The oneliner of what I'm doing is of course: 当然,我正在做的事情是:

'\n'.join(text.splitlines())

... that's not what I'm asking about. ...这不是我要问的。

The total number of lines should be the same afterwards, so no stripping of empty lines. 之后,总行数应相同,因此不要剥离空行。

Testcases 测试用例

Splitting 分裂

'a\nb\n\nc\nd'
'a\r\nb\r\n\r\nc\r\nd'
'a\rb\r\rc\rd'
'a\rb\n\rc\rd'
'a\rb\r\nc\nd'
'a\nb\r\nc\rd'

.. should all result in 5 lines. ..应该全部导致5行。 In a mixed context, splitlines assumes that '\\r\\n' is a single logical newline, leading to 4 lines for the last two testcases. 在混合上下文中,分割线假定'\\ r \\ n'是单个逻辑换行符,最后两个测试用例导致4行。

Hm, a mixed context that contains '\\r\\n' can be detected by comparing the result of splitlines() and split('\\n'), and/or split('\\r')... 嗯,可以通过比较splitlines()和split('\\ n')和/或split('\\ r')的结果来检测包含'\\ r \\ n'的混合上下文...

mixed.replace('\r\n', '\n').replace('\r', '\n')

应该处理所有可能的变体。

... but this doesn't handle "mixed" text-files of utterly confused conventions (Yes, they still exist!) ...但是这不能处理完全混淆的约定的“混合”文本文件(是的,它们仍然存在!)

Actually it should work fine: 实际上,它应该可以正常工作:

>>> s = 'hello world\nline 1\r\nline 2'

>>> s.splitlines()
['hello world', 'line 1', 'line 2']

>>> '\n'.join(s.splitlines())
'hello world\nline 1\nline 2'

What version of Python are you using? 您正在使用哪个版本的Python?

EDIT: I still don't see how splitlines() is not working for you: 编辑:我仍然看不到splitlines()对您不起作用:

>>> s = '''\
... First line, with LF\n\
... Second line, with CR\r\
... Third line, with CRLF\r\n\
... Two blank lines with LFs\n\
... \n\
... \n\
... Two blank lines with CRs\r\
... \r\
... \r\
... Two blank lines with CRLFs\r\n\
... \r\n\
... \r\n\
... Three blank lines with a jumble of things:\r\n\
... \r\
... \r\n\
... \n\
... End without a newline.'''

>>> s.splitlines()
['First line, with LF', 'Second line, with CR', 'Third line, with CRLF', 'Two blank lines with LFs', '', '', 'Two blank lines with CRs', '', '', 'Two blank lines with CRLFs', '', '', 'Three blank lines with a jumble of things:', '', '', '', 'End without a newline.']

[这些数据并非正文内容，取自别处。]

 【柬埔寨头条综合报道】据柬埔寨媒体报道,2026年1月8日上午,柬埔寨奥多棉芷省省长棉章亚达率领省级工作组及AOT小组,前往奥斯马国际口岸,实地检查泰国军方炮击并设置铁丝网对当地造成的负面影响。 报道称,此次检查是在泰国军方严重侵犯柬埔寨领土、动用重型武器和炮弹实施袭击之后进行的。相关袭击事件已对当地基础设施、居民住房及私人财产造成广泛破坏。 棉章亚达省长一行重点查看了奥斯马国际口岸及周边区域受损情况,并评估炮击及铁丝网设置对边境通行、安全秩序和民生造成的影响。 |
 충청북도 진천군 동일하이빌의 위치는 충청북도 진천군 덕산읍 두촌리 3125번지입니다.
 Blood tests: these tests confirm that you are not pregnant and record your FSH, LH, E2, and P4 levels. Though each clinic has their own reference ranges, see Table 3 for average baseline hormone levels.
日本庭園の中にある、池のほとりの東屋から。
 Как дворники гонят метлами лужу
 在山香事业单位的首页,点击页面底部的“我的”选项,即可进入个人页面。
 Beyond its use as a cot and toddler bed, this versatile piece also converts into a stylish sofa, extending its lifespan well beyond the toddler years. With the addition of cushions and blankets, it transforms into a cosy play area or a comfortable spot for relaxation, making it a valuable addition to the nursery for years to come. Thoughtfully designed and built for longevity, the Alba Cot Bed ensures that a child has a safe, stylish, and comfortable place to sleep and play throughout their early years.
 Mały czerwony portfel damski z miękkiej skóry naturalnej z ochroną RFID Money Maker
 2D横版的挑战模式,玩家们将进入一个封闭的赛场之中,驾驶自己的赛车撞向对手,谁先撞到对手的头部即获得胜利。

>>> print '\n'.join(s.splitlines())
First line, with LF
Second line, with CR
Third line, with CRLF
Two blank lines with LFs


Two blank lines with CRs


Two blank lines with CRLFs


Three blank lines with a jumble of things:



End without a newline.

As far as I know splitlines() doesn't split the list twice or anything. 据我所知, splitlines()不会两次拆分列表。

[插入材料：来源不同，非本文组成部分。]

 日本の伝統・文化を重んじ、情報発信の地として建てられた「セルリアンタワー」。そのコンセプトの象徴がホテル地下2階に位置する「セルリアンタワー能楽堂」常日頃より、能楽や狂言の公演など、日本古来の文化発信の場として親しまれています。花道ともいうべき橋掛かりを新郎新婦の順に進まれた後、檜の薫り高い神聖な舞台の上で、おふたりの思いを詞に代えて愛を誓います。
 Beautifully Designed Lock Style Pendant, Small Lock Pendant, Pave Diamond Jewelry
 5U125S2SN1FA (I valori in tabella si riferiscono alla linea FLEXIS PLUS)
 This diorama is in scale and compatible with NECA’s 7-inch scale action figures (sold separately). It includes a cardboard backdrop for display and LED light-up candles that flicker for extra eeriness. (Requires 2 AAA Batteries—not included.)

Can you paste a sample of the kind of input that's giving you trouble? 您可以粘贴给您带来麻烦的那种输入示例吗?

Are there even more convetions than \\r\\n\\ and \\n ? 还有比\\r\\n\\\\n更多的惊喜吗? Simply replacing \\r\\n is enough if you dont want lines. 如果您不需要行,只需替换\\r\\n就足够了。

only_newlines = mixed.replace('\r\n','\n')

声明:本站的技术帖子网页,遵循CC BY-SA 4.0协议,如果您需要转载,请注明本站网址或者原文地址。任何问题请咨询:yoyou2525@163.com.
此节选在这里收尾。